15LOX-1 is revealed as an apoptosis inducer in human
cancers and inhibits cancer progression. The
reduction of 15LOX-1 and the isoform 15LOX-2 is correlated with the disease
progression of breast cancer and the poor clinical outcome [35]. Induction of
15LOX-1 provides apoptosis in oral cancer [36]. 15LOX-1 expression is downregulated
in colon adenomas, and ectopic expression of 15LOX-1 induces apoptosis in
Caco-2 colon cancer cells [37].
In expression of 15LOX-1, inflammatory cytokines play an
important role. Interleukin (IL)-4 and IL-13 induce 15LOX-1 expression via
Jak2/Tyk2/Stats pathway [36, 38–40]. In prostate cancer, ratio of ω-3/ω-6 fatty acids is associated with expressions of 15LOX-1 and COX-2 [41].

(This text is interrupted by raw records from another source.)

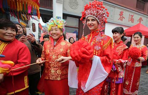 A foreign young lady in traditional Chinese wedding gowns, accompanied by an elderly Chinese lady, walks along a street in Nanjing, east China's Jiangsu Province on January 17, 2016. Together with two other beauties, the young lady who dressed in phoenix coronets and robes of rank is on her way to attend a traditional Chinese ceremony known as "Find Mr. Right by throwing a flower ball," which is part of an ongoing cultural festival called "Love in Nanjing".
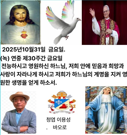 .2025년 10월 31일 금요일 (녹) 연중 제30주간 금요일 주님을 찾는 마음은 기뻐하여라. 주님과 그 권능을 구하여라. 언제나 그 얼굴을 찾아라. 64 이스라엘 들으라
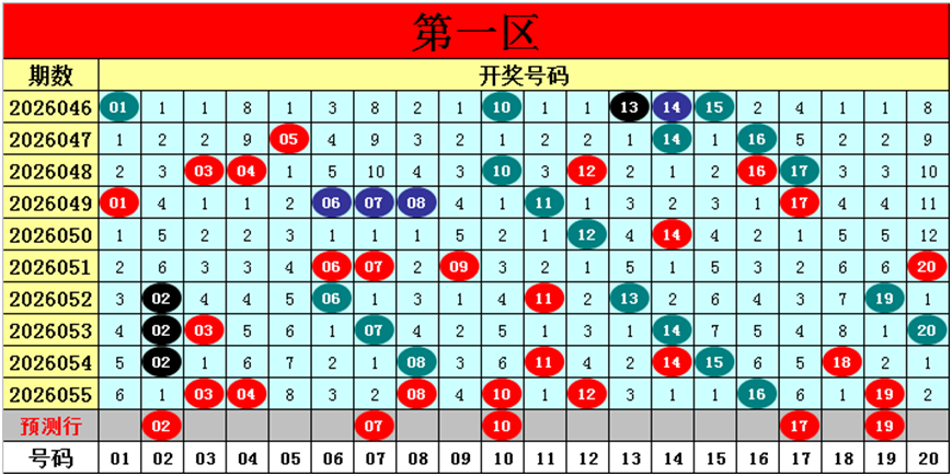 目前第一区包含14个热码:重码7个03、04、08、10、12、16、19,邻码6个02、07、11、15、18、20,孤码1个14;包含5个温码:邻码3个09、13、17,孤码2个01、06;包含1个冷码:邻码1个05,孤码0个;号码冷温热个数比为1:5:14,重号、邻码、孤码个数比为7:10:3。
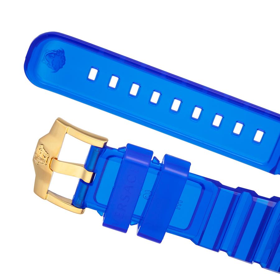 The coolest watch that meets the anticipation of an audience looking for something new and trendy. The Icon Active conveys an urban and sporty look with its transparency and color. Absolutely and exquisitely iconic, design elements include the metal loop on the strap that recalls the Greek Key, a Medusa at 12H and an internal Greek Key that can be seen from the curvature of the inner dial ring.
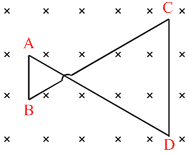 A conducting wire frame is placed in a magnetic field which is directed into the paper. The magnetic field is increasing at a constant rate. The directions of induced currents in wires AB and CD are :
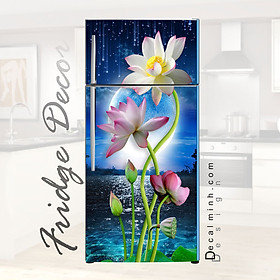 ✨Tranh trang trí tủ lạnh | Decal dán tủ lạnh 3D mẫu hoa sen
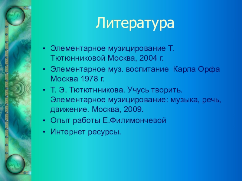 Т. Э. Тютютнникова. Учусь творить. Элементарное музицирование: музыка, речь, движение. Москва, 2009.
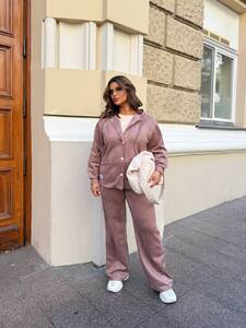 Стильний, зручний, практичний костюм з якісної тканини -це саме те , що потрібно на прийдешню прохолоду.Кофта на застібках і з капюшоном виглядає дуже стильно і додає зручності.
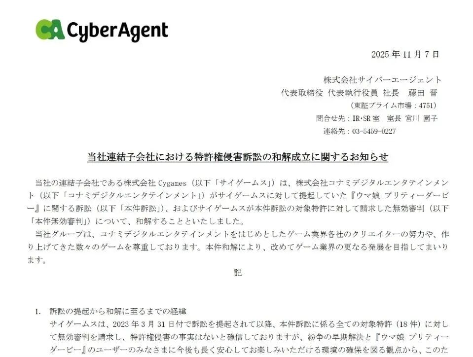 根据CyberAgent的公告,Cygames依旧坚持不存在任何专利侵权行为,决定与科乐美达成庭外和解是为了“确保《赛马娘》粉丝们能够安心地继续享受游戏。”
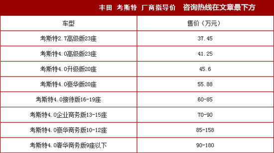 北京考斯特商务车基地本公司车型现车均有加装过VIP版、个性定制商务版、专业服务、专业对车、销售所有车辆均可全国上牌、享受原厂服务质量保证、全国质保。目前进口丰田考斯特、9座、10座、11座、12座、13座、15座、16座、17座、19座、20座、23座现车销售, 豪华内饰改装。考斯特整体造形美观,内部改装布局充分考虑与丰田考斯特整车的平衡,每位乘客能切身体会尊贵。文章尾部有购车咨询电话。
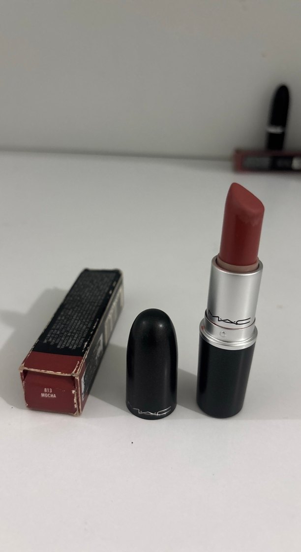 MAC mat ruj, koyu bej tonunda, zengin renk ve pürüzsüz bitiş sunar. Siyah kutu ve gümüş detaylı klasik ambalajıyla. Ten rengime uyumlu olmadığından satışta tamamı duuruyor fotoda görünüyor
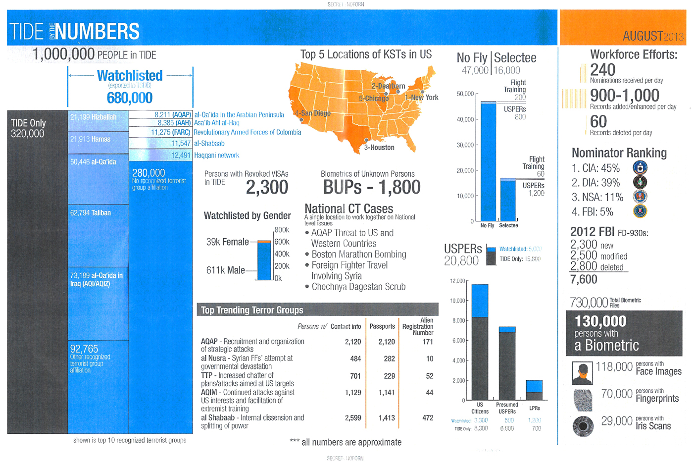 Prezentace Národní protiteroristické centrály ze srpna 2013 s názvem "TIDE v číslech" ukázala rozsah špiclovacího systému Obamovy vlády i ty, na něž je zaměřen. Podle tohoto dokumentu bylo na seznamu 680 tisíc lidí, dalších 320 tisíc bylo sledováno v rozsáhlejší databázi TIDE.

15LOX-1 induction by nonsteroidal anti-inflammatory drugs (NSAIDs), such as
sulindac sulfone, provides apoptosis in SW480 colon cancer cells. Sulindac
sulfone inhibits GMP (cGMP)-phosphodiesterases and activates protein kinase G,
which enhances 15LOX-1 expression transcriptionally [42]. GATA-6
transcriptional factor is involved in NSAID-induced 15LOX-1 induction in RKO
and DLD-1 colon cancer cells [43]. GATA-6 activates 15LOX-1 promoter in Caco-2
colon cancer cells but not in the cells induced differentiation by
sodium-butyrate [44]. These are supported by conventional NSAIDs activates PPARγ
[45]. COX-2 expression also involves Jak2/Stats pathway and nuclear factor (NFκB) [46–48]. Activation of PPARγ
downregulates COX-2 expression by inhibition of NFκB and activator protein
(AP)-1 [49]. This negative regulation of COX-2 expression by PPARγ
activation might be one of the
mechanisms of reversal expressions between 15LOX-1 and COX-2. Furthermore, promoter DNA
methylation is responsible for silencing 15LOX-1 expression, which is reversed
by 5-aza-2-deoxycytidine treatment [50, 51]. The epigenetic alteration might be
a trigger to switch 15LOX-1 repression and COX-2 upregulation along with
malignant transformation and disease progression in colorectal cancer. Thus,
switching of LA metabolism from 15LOX-1 to COX-2 is thought to be a common
mechanism to escape from antitumoral effect of LA.
4. Antitumor Effect of CLA
We
next argue the effect of CLA, which is an isomer of linoleic acid and is
established as a PPARγ ligand without metabolization by 15LOX-1.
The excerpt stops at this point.